_Exercise directions_: Please output exactly the lines below, starting at the line that has "线头两端分别是USB-A接口和圆盘造型磁吸端。" and ending at the line that has "この部分って微妙に曲面なのよ", both included; leave out all pictures and include nothing else.

_Source records_:
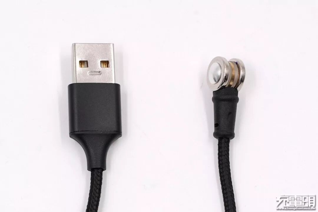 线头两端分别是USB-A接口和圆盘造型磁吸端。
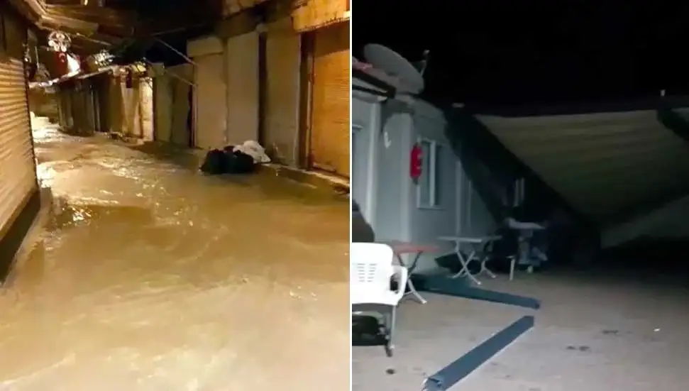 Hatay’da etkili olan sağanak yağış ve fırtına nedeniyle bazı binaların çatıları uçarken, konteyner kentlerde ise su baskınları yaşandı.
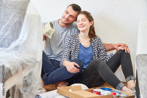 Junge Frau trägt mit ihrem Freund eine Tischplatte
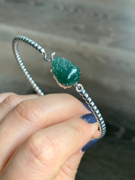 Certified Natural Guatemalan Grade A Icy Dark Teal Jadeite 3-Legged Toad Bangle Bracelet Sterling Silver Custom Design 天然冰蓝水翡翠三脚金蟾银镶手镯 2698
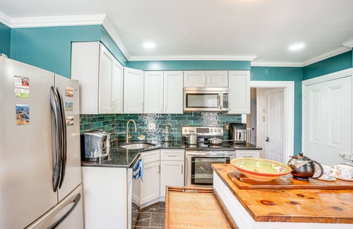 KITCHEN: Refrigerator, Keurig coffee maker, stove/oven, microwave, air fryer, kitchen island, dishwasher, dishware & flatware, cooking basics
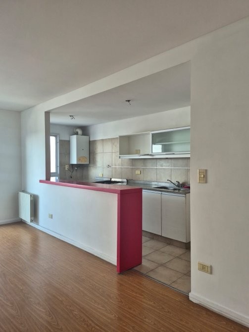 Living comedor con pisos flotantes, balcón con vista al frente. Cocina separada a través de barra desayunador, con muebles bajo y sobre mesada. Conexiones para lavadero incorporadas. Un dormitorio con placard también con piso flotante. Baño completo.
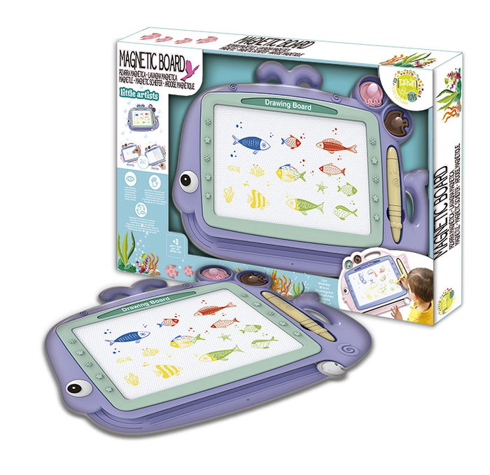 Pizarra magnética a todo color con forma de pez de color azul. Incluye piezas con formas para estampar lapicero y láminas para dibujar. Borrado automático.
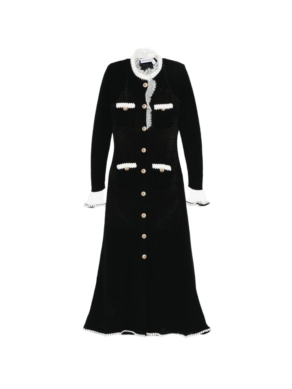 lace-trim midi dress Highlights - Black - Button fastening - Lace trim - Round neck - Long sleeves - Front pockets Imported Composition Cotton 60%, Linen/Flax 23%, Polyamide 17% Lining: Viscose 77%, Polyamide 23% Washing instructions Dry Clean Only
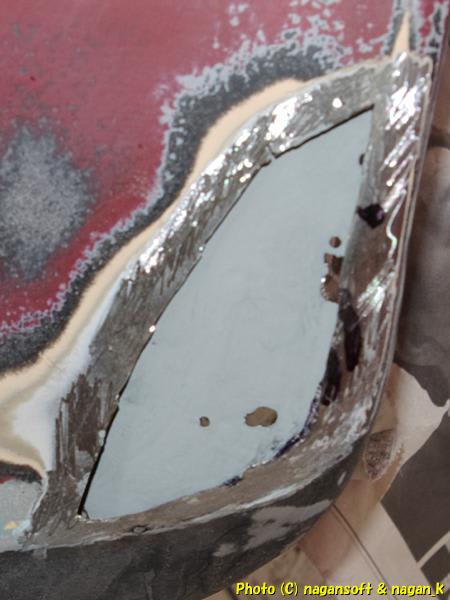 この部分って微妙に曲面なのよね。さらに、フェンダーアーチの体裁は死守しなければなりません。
--
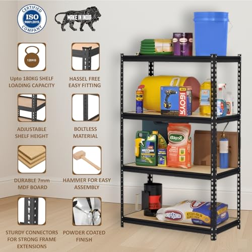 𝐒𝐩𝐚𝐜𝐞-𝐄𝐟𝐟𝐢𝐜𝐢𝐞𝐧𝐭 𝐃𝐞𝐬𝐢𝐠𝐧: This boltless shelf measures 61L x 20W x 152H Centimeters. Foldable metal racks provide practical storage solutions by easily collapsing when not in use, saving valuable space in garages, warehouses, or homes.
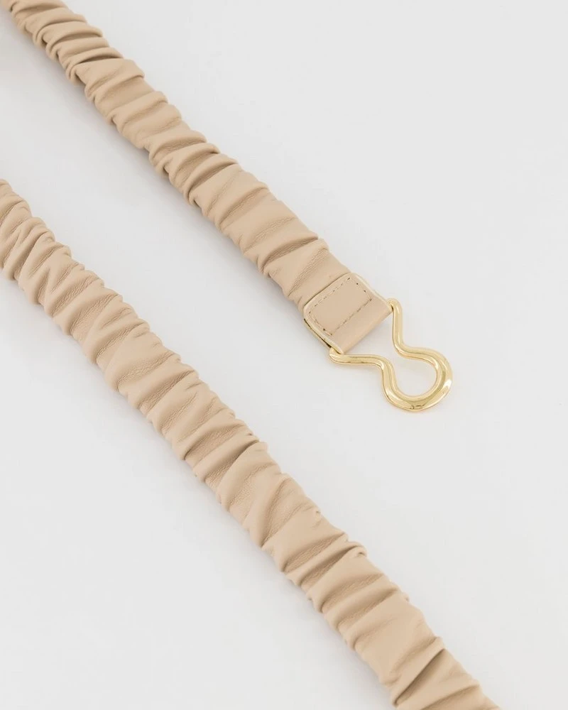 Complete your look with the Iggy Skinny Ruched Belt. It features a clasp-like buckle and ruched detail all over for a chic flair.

_Response for this exercise_:
 线头两端分别是USB-A接口和圆盘造型磁吸端。
 Hatay’da etkili olan sağanak yağış ve fırtına nedeniyle bazı binaların çatıları uçarken, konteyner kentlerde ise su baskınları yaşandı.
 Junge Frau trägt mit ihrem Freund eine Tischplatte
 Certified Natural Guatemalan Grade A Icy Dark Teal Jadeite 3-Legged Toad Bangle Bracelet Sterling Silver Custom Design 天然冰蓝水翡翠三脚金蟾银镶手镯 2698
 KITCHEN: Refrigerator, Keurig coffee maker, stove/oven, microwave, air fryer, kitchen island, dishwasher, dishware & flatware, cooking basics
 Living comedor con pisos flotantes, balcón con vista al frente. Cocina separada a través de barra desayunador, con muebles bajo y sobre mesada. Conexiones para lavadero incorporadas. Un dormitorio con placard también con piso flotante. Baño completo.
 Pizarra magnética a todo color con forma de pez de color azul. Incluye piezas con formas para estampar lapicero y láminas para dibujar. Borrado automático.
 lace-trim midi dress Highlights - Black - Button fastening - Lace trim - Round neck - Long sleeves - Front pockets Imported Composition Cotton 60%, Linen/Flax 23%, Polyamide 17% Lining: Viscose 77%, Polyamide 23% Washing instructions Dry Clean Only
 この部分って微妙に曲面なのよね。さらに、フェンダーアーチの体裁は死守しなければなりません。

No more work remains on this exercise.